While the twosome is still developing the hooch’s name, it’ll pay homage to Cotherman’s fifth-generation grandfather, who was captured by Indians during the Revolutionary War and traded back for a five-gallon bottle of whiskey.

Cotherman said he wants to start experimenting with other tastes once their signature spirits are nailed down.

Florida is home to 15 distilleries. The Florida Cane Distillery and Fat Dog Spirits craft their beverages in Tampa, while Drum Circle Distilling produces in Sarasota. Another Pinellas County liquor manufacturer, the St. Petersburg Distillery, is also in the making.

Distilleries aren’t permitted to have “tasting rooms,” or bars, like breweries. Visitors are able to tour a distillery and sip samples of its product, but “we can’t sell alcohol on the premises,” Cotherman said. By law, spirits purchases at distilleries are limited to two bottles per person, per year.

The ordinance doesn’t worry Cotherman, though. According to him, more than 1,000 people frequent the Pinellas Trail, Cotherman Distilling’s neighbor, every day.

Cupp said the distillery will likely hold tours alongside a tasting for around $10. That’s what distilleries in other states — with regulations similar to Florida’s — seem to offer, she said. The joint will be involved in events that go on throughout the city, too.
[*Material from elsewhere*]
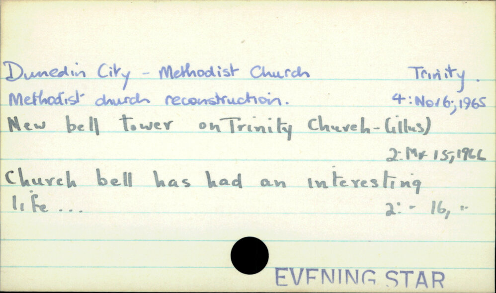Dunedin Public Libraries (20th May 2017). Dunedin City - Methodist Church - Trinity. In Website Dunedin Public Libraries. Retrieved 27th Mar 2026 15:07, from https://dunedin.recollect.co.nz/nodes/view/108298

The duo will sell their spirits at Luekens Liquors, which is set to open its fourth location in Tarpon Springs sometime this week, and other liquor-slinging Dunedin establishments, including Kelly’s and The Living Room on Main.

When CL asked the Tarpon Springs couple why they decided to open their distillery in Dunedin, Cupp called the city amazing.

“We just love Dunedin,” she said, as Cotherman nodded. “There’s great people here.”